Truckers got to love that coast-to-coast highway

Bust of Abraham Lincoln overlooking I-80 in Wyoming -photo Lindsay Godfree

Spending your life traveling on America’s highways is a unique lifestyle, and you have to love “the road.” Cross country drivers really appreciate the Interstate Highways and the visionaries who built them especially when the roads are smooth and get you there fast. If you explore the conception and building of the highway systems, you will discover the origins of the Lincoln Highway, conceived in 1913 as America’s first coast-to-coast highway. At the beginning it was an experiment in road building that is eventually credited with “pulling the nation out of the mud and starting it on a great travel adventure.”

The original highway stretched from New York City’s Times Square at Broadway and Forty-Second Street to San Francisco’s Lincoln Park on the Pacific shore. It crossed the states of New Jersey, Pennsylvania, Ohio, Indiana, Illinois, Iowa, Nebraska, Wyoming, Utah, Nevada, and California on its way across the country. Like the historic Route 66, it is often in pieces away from the current Interstate System but close by. Some sections are integrated in the current highway system.

While driving across Interstate 80 today you will find the Lincoln Highway in Wyoming, set with and an impressive bust of Abraham Lincoln atop a rocky outcropping just east of Laramie, and at the summit a welcome center for Wyoming. As a trucker, you may know this stretch of road well since it becomes very treacherous during the icy roads of winter and the hill is sometimes covered in snow and slick when other parts of the highway are not.

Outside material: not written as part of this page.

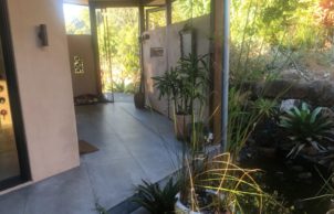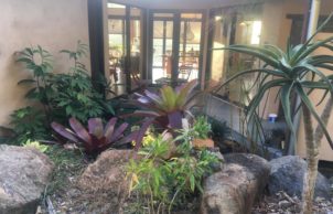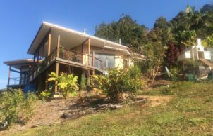 The house needed to be in close connection with the natural subtropical gardens to feel totally connected with the outdoors. This has been achieved with large bi-fold and sliding doors, a leafy pond area that juts into the living room and many green vistas through the windows. The gardens were to sustain us food-wise by containing many local native edibles, fruit trees and vegetables. Almost all of the above have been planted in designated areas or incorporated into restoration areas of native rainforest. Of course, some of these plants are not producing food yet, but we already enjoy a lot of food from our annuals and perennials. Part of the seven acres contains remnants of subtropical rainforest, and regeneration/revegetation is ongoing.

Henry Bourne Joy memorial - photo Lindsay Godfree

Amazingly, one man thought it was a great place to be buried. That man was Henry Bourne Joy, President of the Packard Motor Car Company, one of the major forces behind the Lincoln Highway Association whose goal it was to construct a concrete highway across the country. During his life he was dedicated to the dream of a cross country highway system for automobiles. He loved this highway so much he wanted to be buried on it at the end of his life. Although his family denied his request to be buried along the Highway they did erect the monument for him and you will find it at the foot of the Lincoln statue at the Summit Rest Area.

Also seen at this exit is a Wyoming welcome center with interesting dioramas of Wyoming’s wildlife with grizzly bear and some antelope that are often seen crossing the plains. You can look out the large picture window for a stunning view of the highway, traffic, a hawk perched on the treetop, wildflowers or silent snow drifts, depending on the time of year.

In Wyoming there is a driving tour of the Old Lincoln Highway consisting of two routes coming out of Laramie for a total distance of 145 miles. For directions and how to follow the Old Lincoln Highway consult the Lincoln Highway Assoc. I don’t imagine this is for truckers but would be an interesting side trip if you were waiting for a load in Laramie.

For a state-by-state series of guidebooks to this great road, start with a book titled, “The Lincoln Highway: Iowa and moves west from there.”